For several quarters, we've been hearing about the turnaround that's supposed to be coming for mall-based shoe retailer Finish Line
Earnings for the first quarter came in just above dismal expectations. After reporting that sales fell 0.2% for the quarter and comps were down 3.9%, Finish Line realized it had better prepare the Street for earnings that would also drop. So, just last month, the company announced that it expected a loss of $0.09 to $0.11 per share in the first quarter. Making sure not to look foolish, analysts quickly adjusted their own estimates from a gain of $0.06 per share to a loss of $0.07 per share. What brilliant visionaries!

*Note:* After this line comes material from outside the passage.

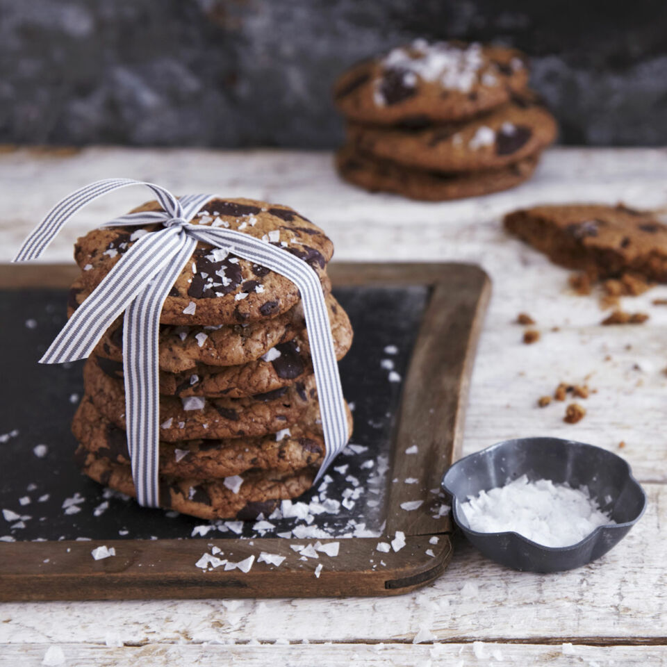 Den Backofen auf 175 ° vorheizen, zwei Backbleche mit Backpapier auslegen. Beide Zuckersorten, Ei und Eigelb in eine große Schüssel geben und mit den Quirlen des Handrührgeräts cremig schlagen. Die braune Butter unterrühren. Mehl und Natron auf die Masse sieben, das feine Meersalz dazugeben und den Teig rühren, bis er eine gleichmäßige Konsistenz hat. Zuletzt die gehackte Schokolade unterrühren.
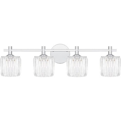 Possini Euro Design Modern Wall Light Chrome Hardwired 32" Wide 4-Light Fixture White Linen Glass for Bathroom Vanity

Finish Line ended up reporting a loss of $3.9 million, or $0.08 per share, compared with earnings of $4.4 million, or $0.09 per share, in the first quarter last year. That was slightly better than its guesses, but it was still below analysts' updated estimates. Despite the drastic shift in earnings, caused by falling sales and rising expenses, company executives think the adjustments they have made to the product mix and operations will lead to improvements in its business. I'll believe it when I see it.
Matters got more interesting last month for Finish Line, when the company announced plans to acquire Genesco
With Finish Line's sales and earnings plummeting at existing stores, I don't trust its ability to incorporate another company into its operations. With or without the acquisition, I see no reason for investors to shop for Finish Line these days.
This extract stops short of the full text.